I hold doors for people. It’s just something I think you should do. Recently, there was an entry in another blog I read that mentioned holding doors as one in a top 5 or 10 list of manners that need to make a comeback. I agree. But before I read that article, I didn’t realize how much people don’t do something that comes automatically to me.
I can mentally hear my dad saying “grab that door!” but only to drag me out of a conversation or contemplative state where I’m not paying enough attention to notice a shopper at J.C. Penney piled high with bags and struggling to make her exit. I’m sure he must have ingrained those three words into my subconcious from as soon as I had accumulated enough mass to actually win a struggle against the heavy doors in most public places (which Mike Turner would tell you was when I was about 17).
So, now aware of my own good habit and another blogger’s judgement of American society to be lacking in the same, I’ve been paying attention when I approach an ingress or egress around other people.
My data collection would warrant a C in either of the experimental science courses I’m taking this semester. No rhyme or reason to it, except taking note of people’s reactions when I happen to think about it. But I feel like after a week of taking note, I can draw some conclusions and tack science up on my blog right up next to the English language on the list of things I massacre.
School seems to win in terms of everyone following propper door-holding etiquitte. I have to pass through three sets of doors in two buildings on my cross-campus walk to 9:30 Spanish lab twice a week. And even at 9:29 I’ve had professors, students, and the seeminly sole maintenance guy left on campus all pause for incriments of time ranging from a heartbeat or two to an akward handful of seconds in an even more akward behind-the-back doo handle grasp to let me catch up to the open door, and I find myself doing the same thing.
Apparently, most stores have either automatic doors or a garage door that just stays open, but restaurants (I have the worst time spelling that word in Spanish or English. I think the “u” is poorly placed in both languages) tend to have heavy swinging doors and you are almost always approaching them along with other mealtime patrons. Several places in Elizabeth City (Ruby Tuesday’s Applebee’s and, strangely enough, the Ehringhaus St. Burger King) have two sets of double doors. This gives you the opportunity to hold a door and have one held for you, as long as whoever goes first is so kind. I’ve never seen anyone have the first door held for them and then fail to hold the second.
Just today I did the door-holding swap with a guy as we walked out with our double cheeseburger and whopper meals (is it stalkerish that I listen to what is handed to the other people in line?) and he smiled and gave me a manly nod as he passed through the outer set. I turned to face the parking lot and had to catch the door again when I realized there were two women coming in. As I hung onto it for them for just a couple seconds more, one said “thank you, sir” (the “sir” sounding more like she was talking to someone older and respected as opposed to something automatic or humorous- which is almost making me rethink the beard) and the other told me to “have a blessed day.”

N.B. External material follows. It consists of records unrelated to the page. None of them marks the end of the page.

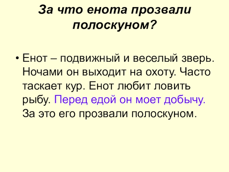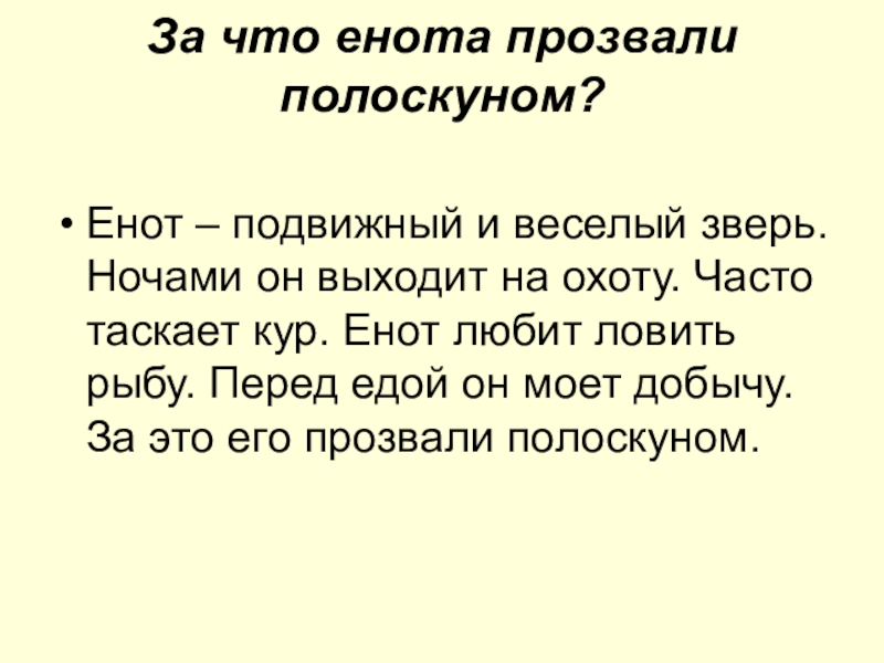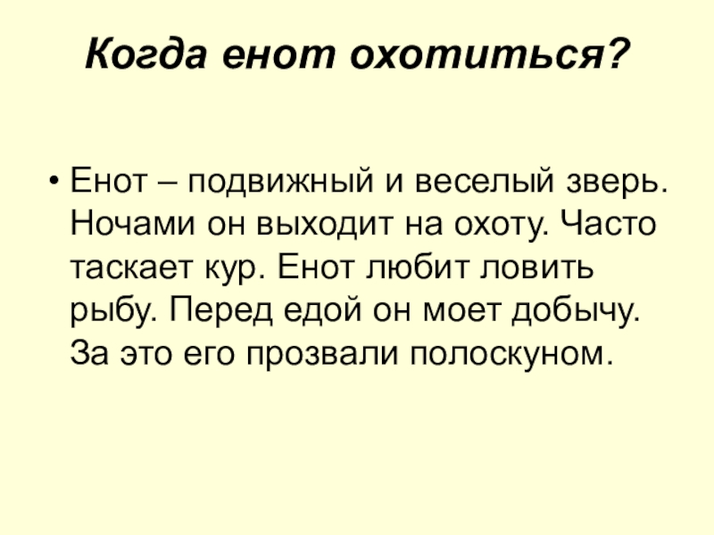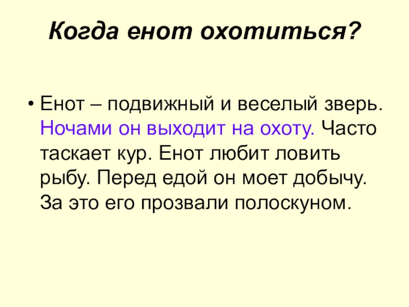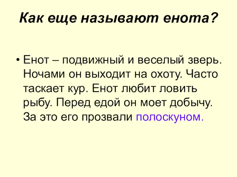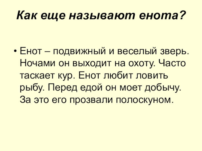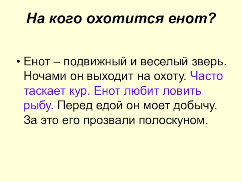 Как еще называют енота?Енот – подвижный и веселый зверь. Ночами он выходит на охоту. Часто таскает кур.
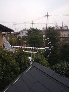 その後、青葉区荏田西の新築現場でUHFアンテナ工事。こちらは屋根上建てればブースターも必要なく(70db以上)大丈夫なのだがお客さんの意向でアンテナを目立たなくさせようとの事で
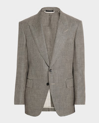 TOM FORD "Shelton" sport coat distinguished by a microhoundstooth pattern Peak lapels; buttonhole at left lapel Unfinished sleeves Chest welt pocket Hip flap pockets Interior besom pocket Cutaway hem Twobutton closure Virgin wool/silk Professional cleaning recommended Made in Italy
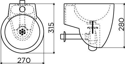 Flush 6 fontein 270x315mm mat zwart met kraangat sifon/plug Clou
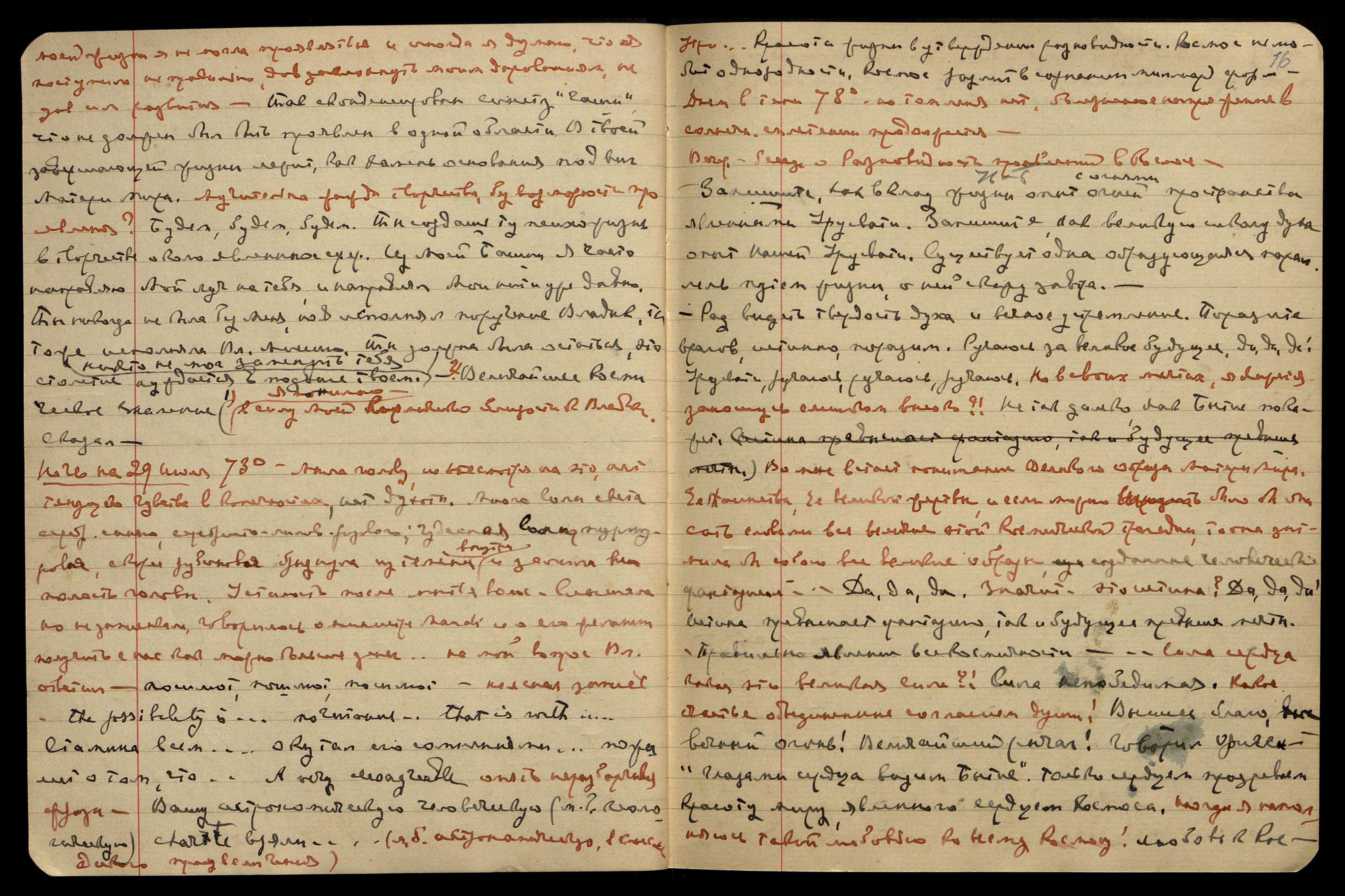Ночь на 29 июля. 73°. Мыла голову, но несмотря на это, нет тянущего чувства в конечностях, нет духоты. Много волн света серебр[исто]-синего, серебристо-лил[ово]-розового; чудесная волна пурпуровая, скорее, рубиновая, брызнула из темени внутри и залила всю полость головы. Усталость после мытья волос. Слышала, но не записывала, говорилось о министре Mandi и о его желании получить с нас как можно больше денег... На мой вопрос Вл[адыка] ответил: "Пошлют, пошлют, пошлют". Неясная запись. "The possibility [англ.: возможность]... почитание... that is will [англ.: это будет]... Стамина всем... окутал его сомнениями... пожалеет о том, что... A very disagreeable [англ.: очень неприятный]", − опять неразборчивая фраза. "Вашу астрономическую человеческую (м[ожет] б[ыть], геологическую) [одно слово неразборчиво] взяли... (м[ожет] б[ыть], астрономическую, в смысле дикого преувеличения).
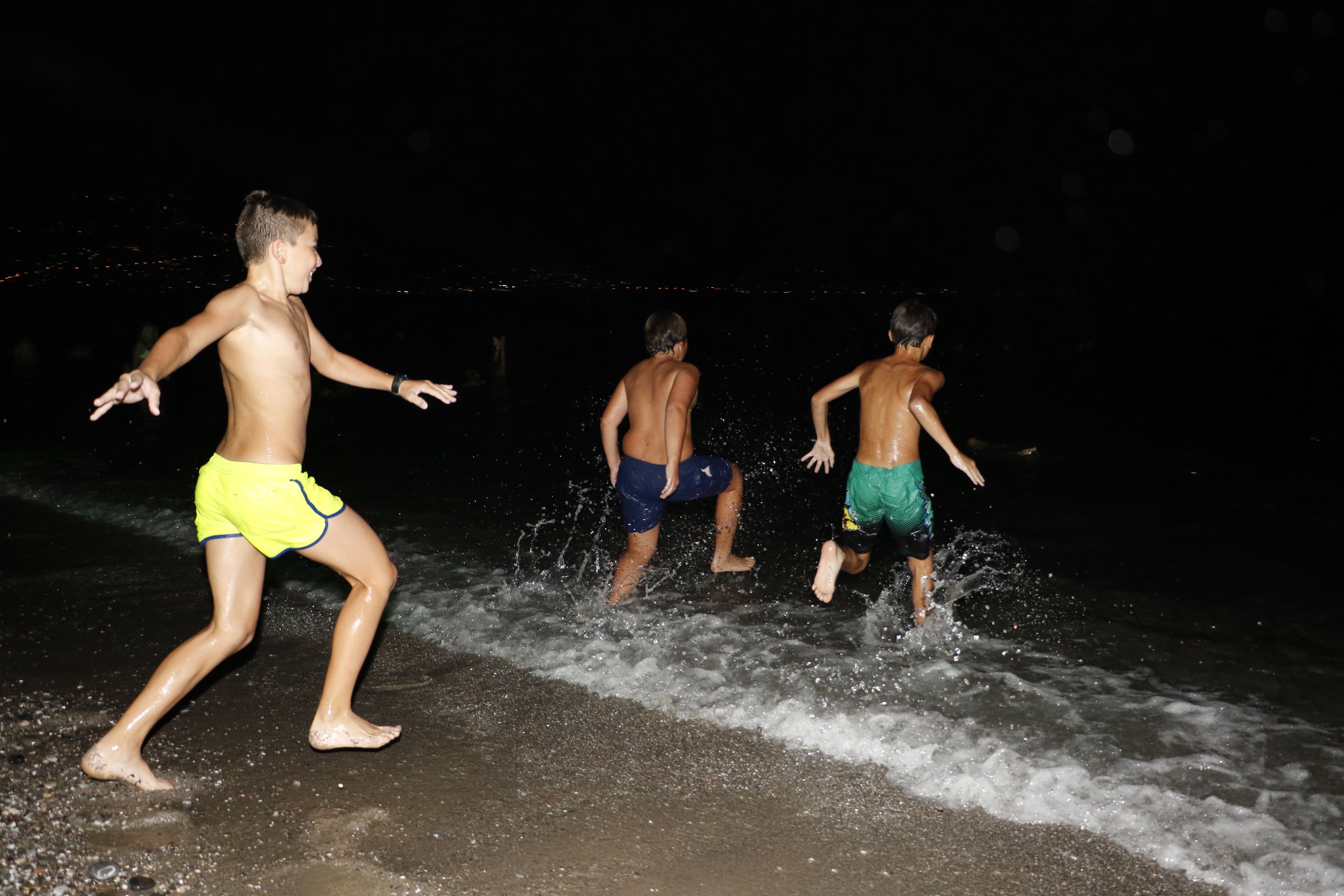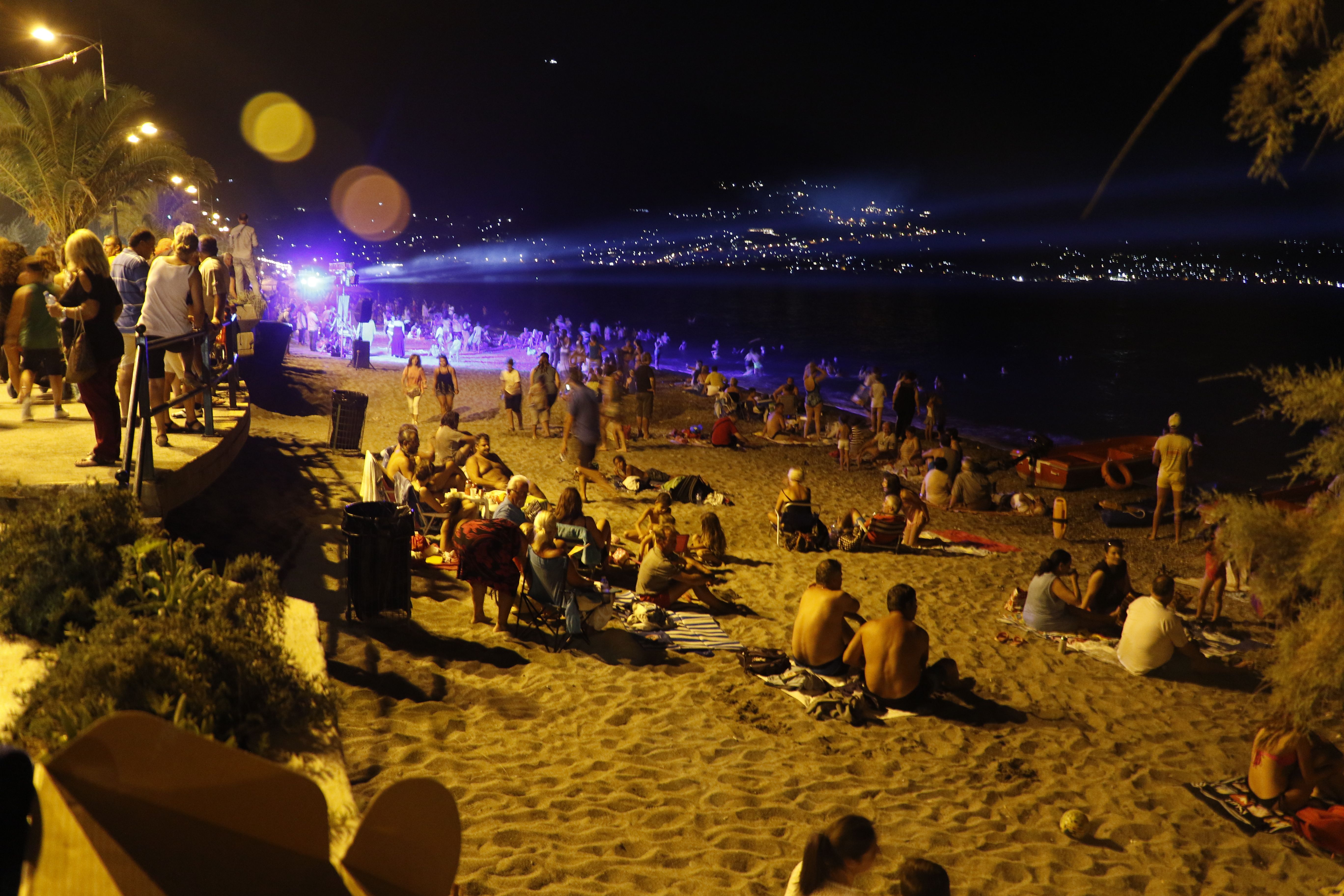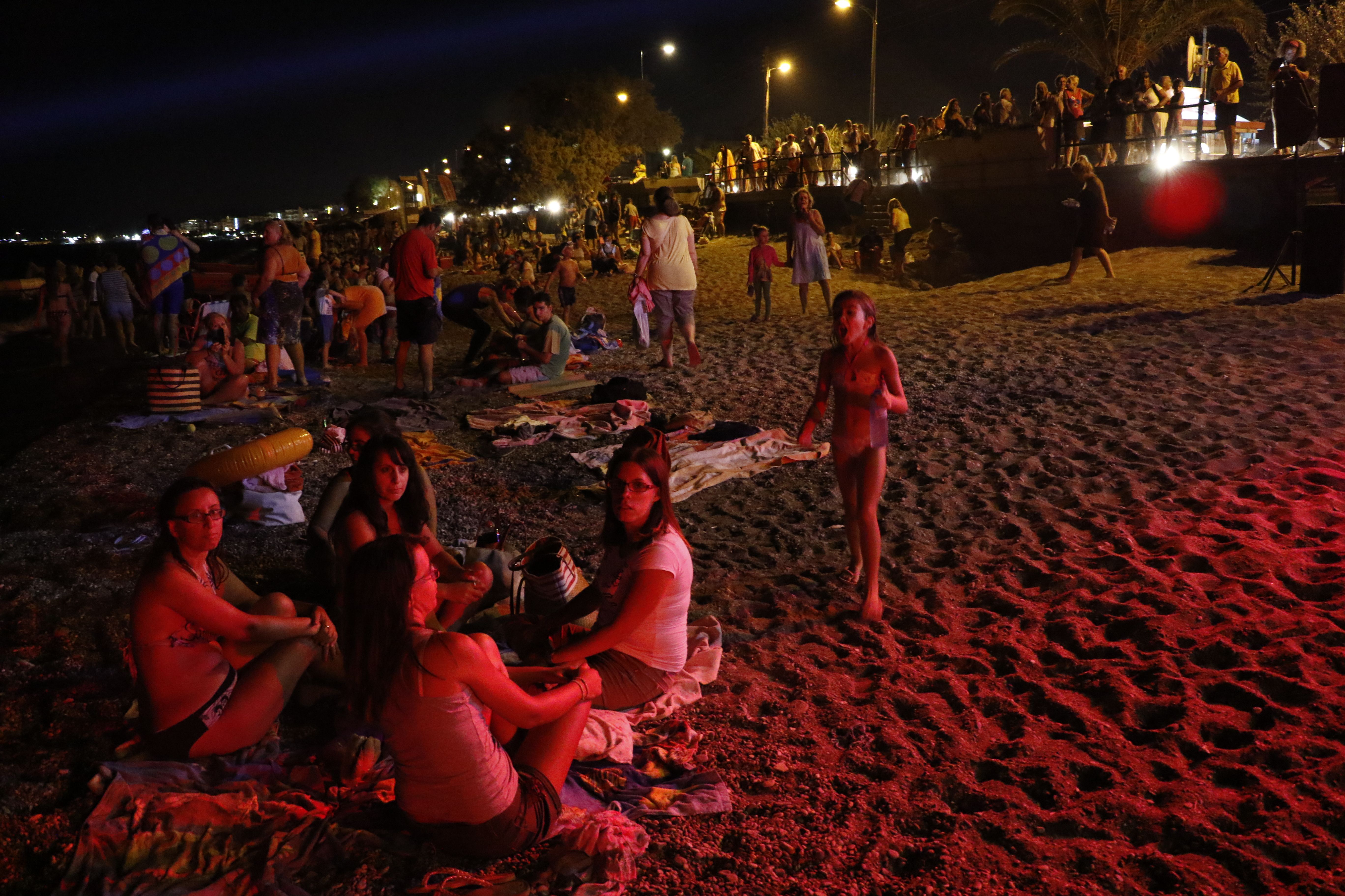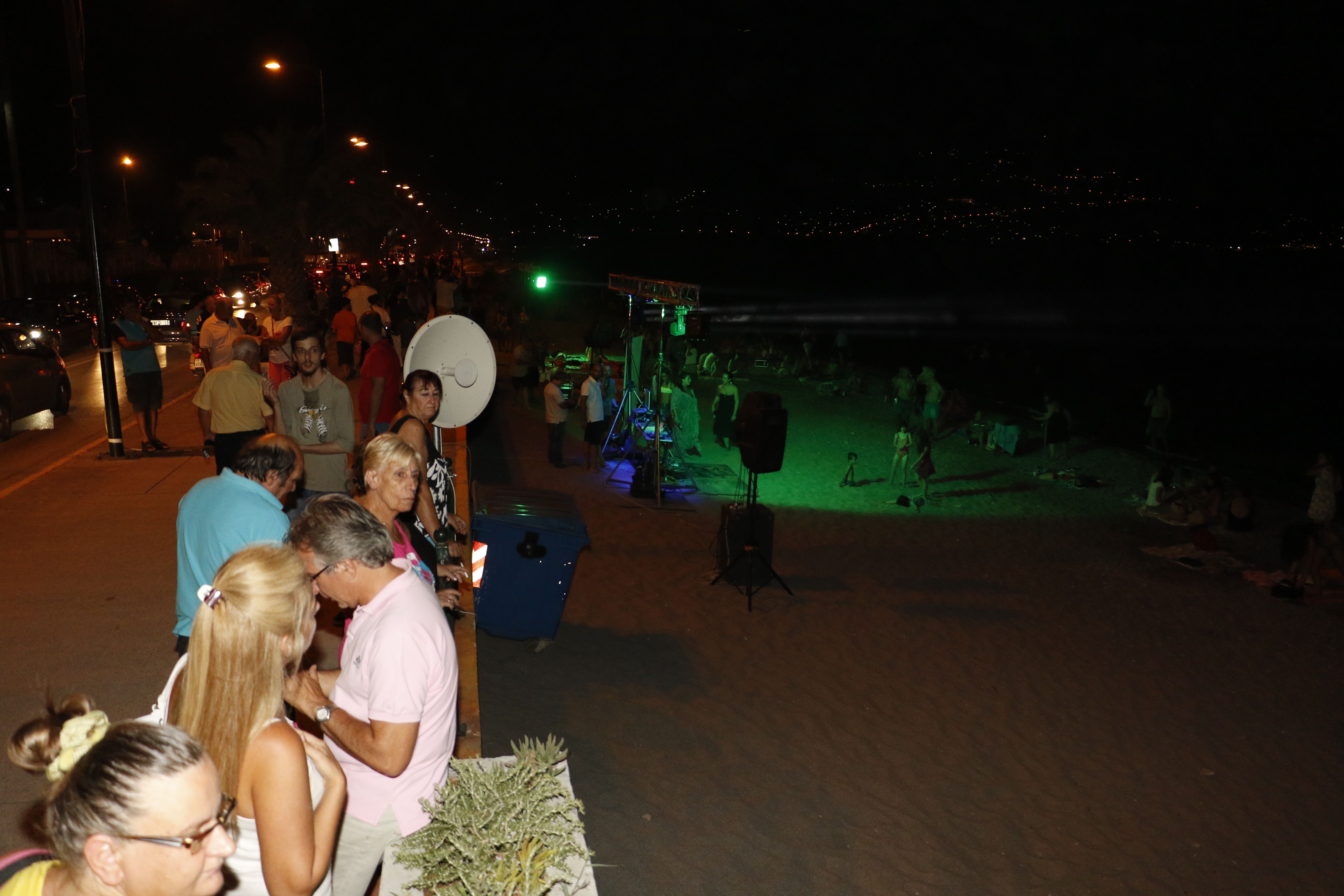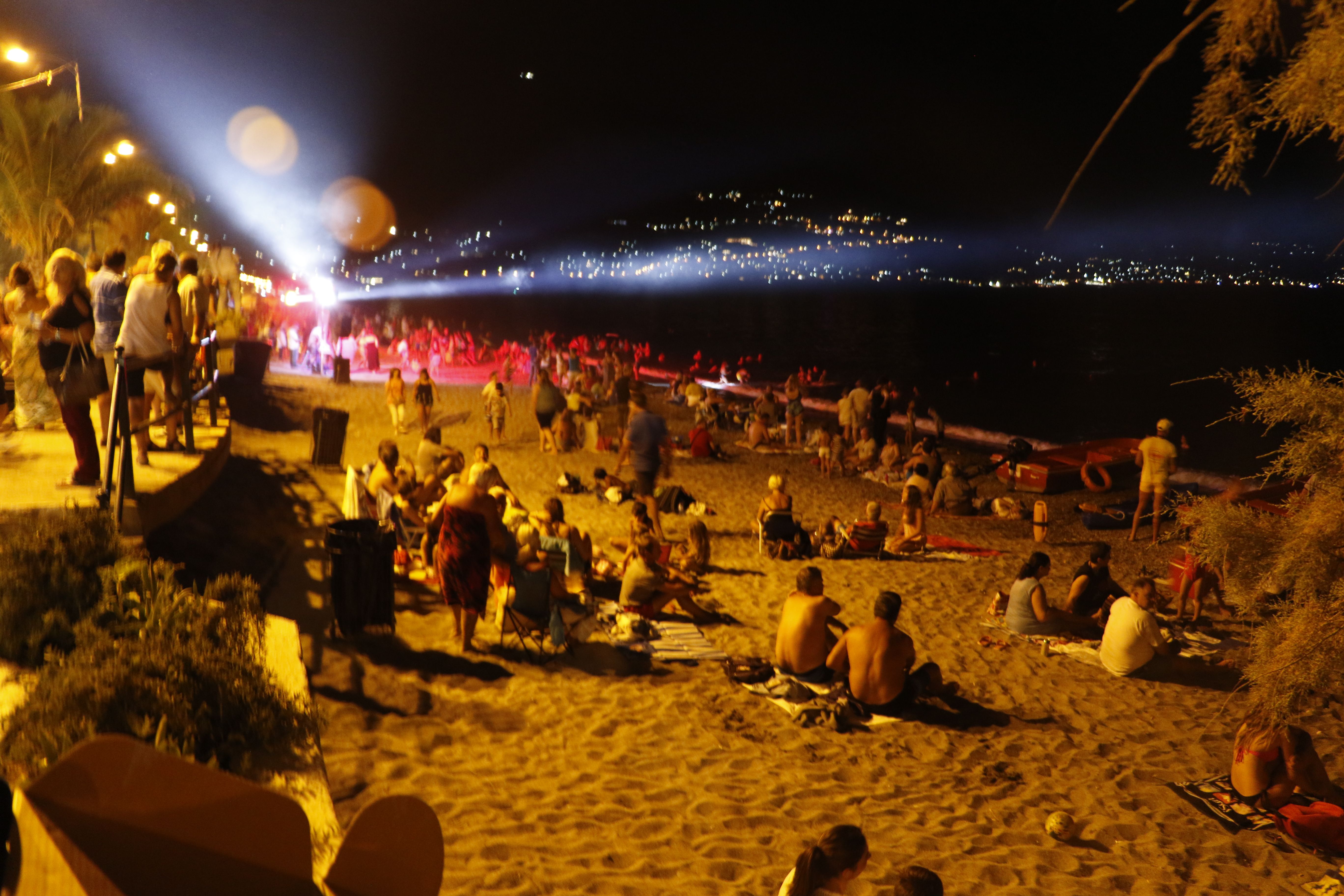 Πριν τις 9 το βράδυ της η οδός Ναυαρίνου πλημμύρισε από αυτοκίνητα και πεζούς που πήγαιναν για νυχτερινό μπάνιο. Λίγη ώρα αργότερα ο κόσμος κατέκλυζε την παραλία απολαμβάνοντας το μπάνιο του.

Other public places fair pretty well, although at the bank, I’ve noticed people tend to be surprised if you hold the door for them. Especially because people tend to be almost racing you to it, making sure they beat you to the table with the deposit slips first, so they can have a head start filling out their life story on the thing and making it into and through the line in the shortest time. Verbal responses over the last two Fridays have ranged from “Oh!” to laughter (as we did the double-door-swap) to a totally shocked “Thank you!” all from males and all older than me (and this even at the downtown branch that is exponentially more friendly in general than it’s Ehringhaus Street counterpart).
I’ve heard horror stories of friend being ranted at for holding a door for a woman who turned out to be a feminist to the extreme that she wanted to open it for herself (and then the friend trying to politely explain that they hold doors for everyone, men too). And I have both thought “that guy should have held that door for me,” and “I should have held that for them.” But it seems to me that most of the time people know what to do when confronted with both a door and a fellow human being. I hope the non-door-holders will take a hint, but I’m thankful that in my experience, they are the few as opposed to the many.
H.G. Wells once said “Every time I see an adult on a bicycle, I no longer despair for the future of the human race.” And while controlling energy consumption is great too, I’ll settle for seeing a door held.